As of date, Qatar is seeing a short-term crisis as residents have rushed to supermarkets to stock up on food items after Saudi Arabia closed the country’s only land border.
“It won’t have a huge impact on trade as Qatar’s main trading partners are European countries,” he opined. “Qatar is wealthy enough to almost excommunicate itself from large parts of the region.”
He said that Qatar’s main export, liquefied natural gas (LNG) to European trading partners, would remain untouched. “If we look at its gas as an example, it exports a lot of its gas to Europe and the rest of the world.”
He further added that the only way Qatar could get impacted was if the United Nations (UN) passed economic sanctions on it. But “Unless there is hard evidence that they are supporting terrorism, I don’t see the UN backing a resolution for worldwide sanctions, specifically on oil.”
He said that the abrupt slump in Qatari stocks from a negative 7% on Monday could swing in the opposite direction just as quickly.
“Any sort of blips in markets tends to be just that. It potentially could be over in 48-72 hours.”
The diplomatic rift was sparked when State-run Qatar News Agency published fake statements attributed to the country’s leader, Emir Tamim bin Hamad Al Thani, on May 25, saying Qatar had “tensions” with the Trump administration and Iran is a “big power in the stabilization of the region.”

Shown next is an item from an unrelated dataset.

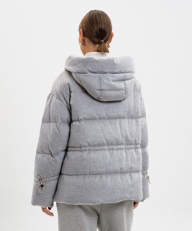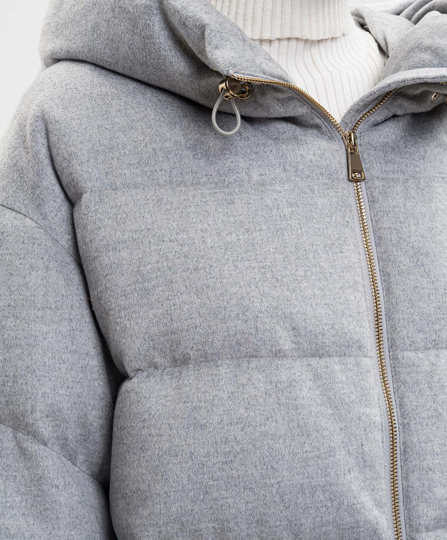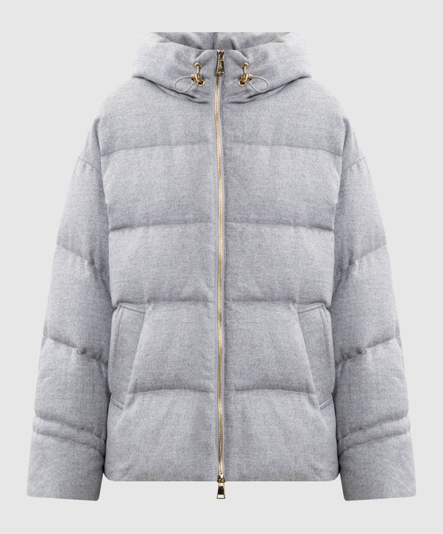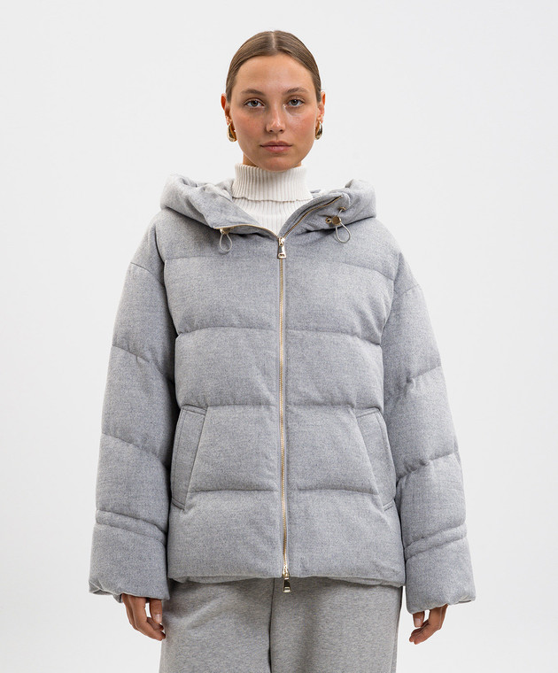 Серая стеганная пуховая куртка из шелка и шерсти верблюда

Even as Qatar claimed that the Qatari news agency was hacked, media outlets in the region, especially in Saudi Arabia and UAE carried the statements, sparking a rift that resulted in Bahrain, Saudi Arabia, UAE, Yemen, and Egypt ceasing diplomatic relations, cancelling flight connections, and ordering Qatari citizens out of their territories.
What about the UAE?
Mishal Al Gergawi, managing director of the UAE-based think-tank, the Delma Institute, said that he did not think the crisis would be resolved anytime soon.

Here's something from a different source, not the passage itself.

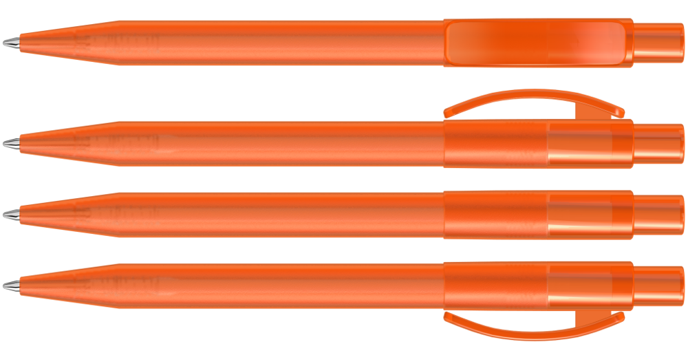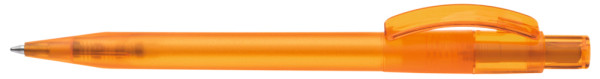 Druckkugelschreiber mit gefrostetem Gehäuse, glänzend transparentem Bogenclip und Drücker.

“In 2013, there was a similar action, but it was not nearly as severe as this one.”
According to him, the fallout on GCC economies would be negligible, as they are not major trading partners with Qatar.
“I don’t think Qatar is a very large trade partner with any of these countries. It doesn’t export anything beyond oil and gas, or re-export for that matter.”
He said the UAE could suffer marginal tourism and real-estate losses from the fallout.“It doesn’t have a large population, so Qatari tourism which is going to indefinitely decrease isn’t that large.
“Qatar doesn’t have a large population, and so Qatari tourism which is going to indefinitely decrease isn’t that large. Maybe there is something on the real estate market but again, how big is the Qatari industrial market going to go?”
“So I don’t see how it’s going to have a huge economic impact or even a significant impact on the UAE economy,” he said.